In Crater v. Crater, 135 Cal. 633 [67 P. 1049], it is said:

"It is well established that in divorce proceedings the court has the power to vary and modify its decree as to the custody of the minor children from time to time, as circumstances change. The court, in revising and modifying its decree, proceeds upon new facts considered in connection with the facts formerly established, the change of circumstances, the conduct of the parties, and the best interests of the child. [47 Cal. App. 2d 440] The good of the child is regarded as the controlling force in directing its custody, and the courts will always look to this rather than to the whims and caprices of the parties. The morals of the parents, their financial condition, their subsequent marriage, the age of the child, and the devotion of either parent to its best interests are all factors to be weighed and considered by the court. All such applications are addressed to the sound legal discretion of the court below, and its conclusion will not be disturbed here, except, it should clearly appear that its discretion has been abused."

[1] It is the contention of appellant that under the holding in the case of Foster v.

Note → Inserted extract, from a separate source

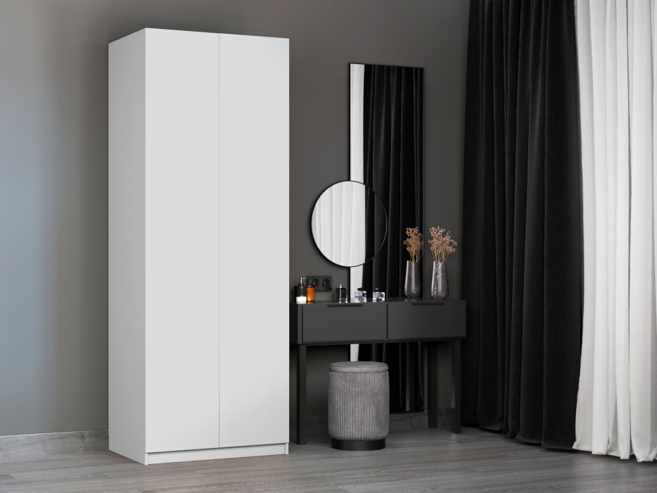 Благодаря надежным полкодержателям - штифтам, полки шкафа могут выдерживать до 15 кг. Шкаф оснащен долговечной, ударостойкой кромкой ПВХ, которая защищает его торцы от сколов и повреждений. Мебельные петли Titus B-Type обеспечивают открывание и закрывание двери под углом 110 градусов, а также предотвращают ее перекос. Наличие отдельного цоколя позволяет поставить шкаф вплотную к стене. Шкаф оснащен удобной минималистичной ручкой, изготовленной из алюминия.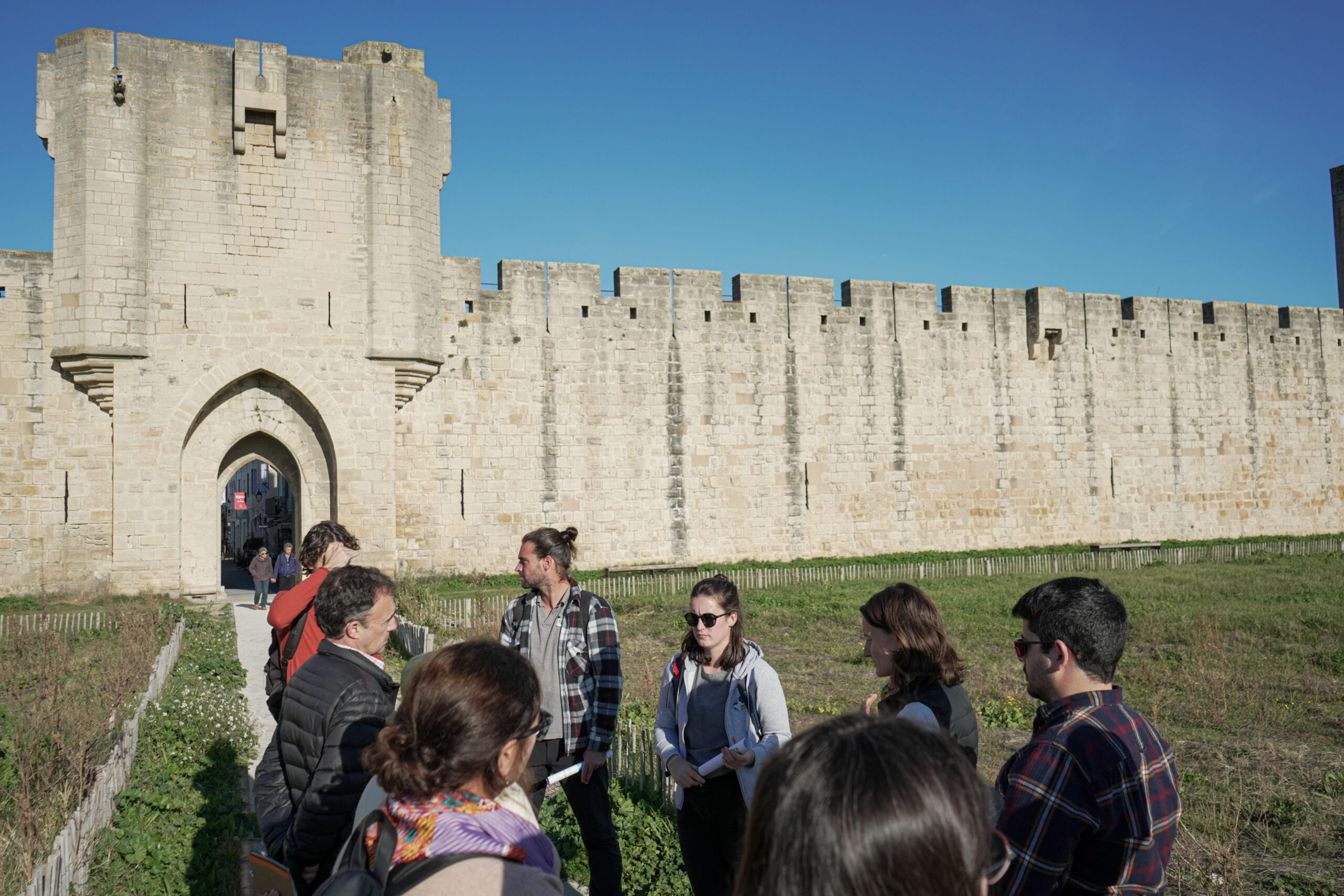 La dernière visite était une prairie restaurée à d’Aigues-Mortes, près de Montpellie afin d’y voir un transfert de foin effectué dans une prairie située à la périphérie de la vieille ville. Delphine Midy, technicienne du CEN Occitanie, a expliqué aux partenaires les différentes étapes de la prairie et les différents détails du foin. Le consortium s’est ensuite rendu à Mauguio, où se trouve le site pilote du CEN Occitanie, où Mario Klesczewski, employé du CEN, a présenté le site pilote et les résultats attendus. Pour conclure la visite d’étude, les partenaires ont visité la prairie « fontaine » de Pérols, où Mario a pu à nouveau montrer au consortium le travail réalisé.

Foster, 8 Cal. 2d 719 [68 PaCal.2d 719], the decree could not be modified unless the evidence discloses a "change of circumstances" since the entry of the first order, and that the record shows that the facts presented are the same as those proven at the original hearing. Respondent asserts that other and additional facts were proven at the second hearing. As the record at the former hearing is not before us, we cannot say that the proof was the same as that adduced at the original hearing. In support of the order, we must assume that other and different facts were established at the second hearing.

[2] It is next urged that the court erred, over the objection of appellant, in admitting in evidence testimony concerning matters which occurred prior to the first hearing. Only three instances of such alleged error are pointed out by appellant. Several witnesses were asked the question in respect to respondent, and concerning her reputation for morality "at any time during the last six or eight months." The second hearing was held more than six months after the first. The only other instance of testimony in the same category to which an objection was overruled, is the following, (with a Mrs. Medlin on the witness stand): "Q. Now, will you state whether or not, prior to 1939, Mr. Valentine manifested any affection toward you? A. Yes. We manifested an attraction for each other."

The sole issue before the court was the fitness of each spouse to have the custody of their child. Each attacked the other. Evidence of the delinquencies of either which concerned acts committed prior to the first hearing were clearly not admissible. (In re Wood, 103 Cal. App. 790 [285 P. 323].) [3] We are of the opinion, however, that [47 Cal. App. 2d 441] the admission of the testimony mentioned was not an error of sufficient gravity to warrant a reversal of the order. Aside from such testimony, there is abundant evidence to sustain the finding of the trial court that respondent was a fit person to have the custody to her daughter. In addition, the legislature has laid down the rule that "other things being equal, if the child is of tender years, it should be given to the mother. ..." (Civ. Code, sec. 138, subd. 2.) In the final analysis, the sole question is the best welfare of the minor, and on a hearing of this character, justice is not attained by a too strict adherence to the technical rules of evidence. The discretion committed to the trial court was not abused.

The order is affirmed.

Thompson, J., and Pullen, P. J., concurred.